# Broke my head



## Shadow Sabre (Oct 12, 2009)

So I get called out to this school and I run my snake down the sewer pipe.
Low and behold my snake gets jammed up from that point I decided to hydro it and it jams up so I send my camera down then my screen goes black. 
I pull off another clean out open it up and there's rocks in their. I'm going to trace my line down and my line ends right at the electrical Christi box.
So I dig about 5 feet down and sure as anything the electricians ran a ground rod right through the sewer line, and the rocks piled up behind the ground rod therefore making my camera head break on the rocks. Looks like after I buy a new head for my camera I will end up about even with everyone but the electricians.

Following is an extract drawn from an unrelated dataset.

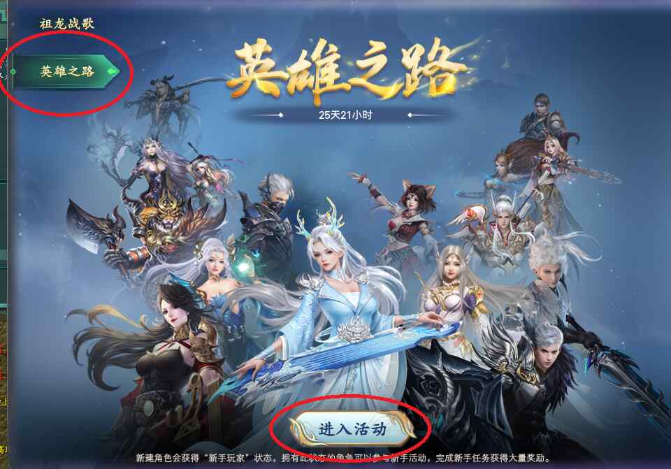 进去后,点击英雄之路,接着点进入活动,如下图红圈标记所示。
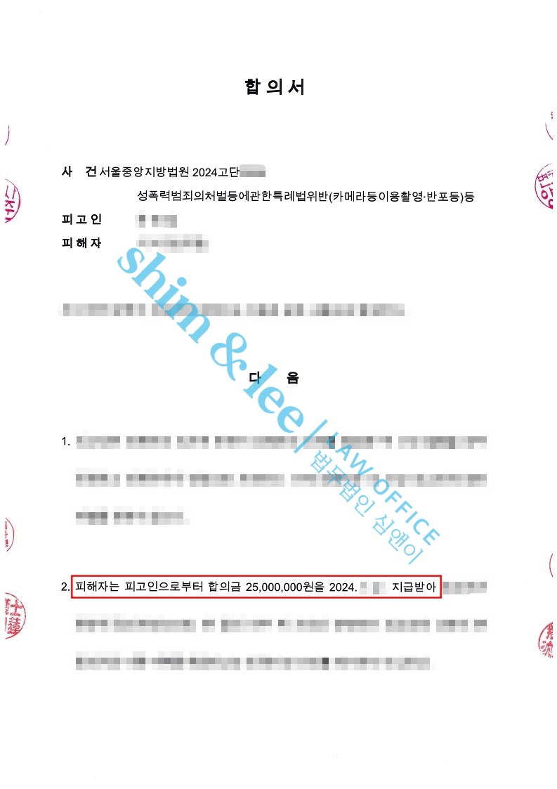 고소 전 합의대행전남자친구가 합성 동영상을 만들어 유포한 사건 2024.05.27합의금 2,000만 원 -

Sent from my iPhone using PlumbingZone


----------



## Schedule40 (Aug 5, 2010)

Sparky must have smoked one heck of a lunch that day! Lol!


----------



## RealLivePlumber (Jun 22, 2008)

Add the camera head to the bill. 

They got plenty of money.


----------



## OldSchool (Jan 30, 2010)

RealLivePlumber said:


> Add the camera head to the bill.
> 
> They got plenty of money.


I agree ... charge out what ever it takes to get it done... 

Hopefully you didn't go flat rate on clearing the sewer :laughing:


----------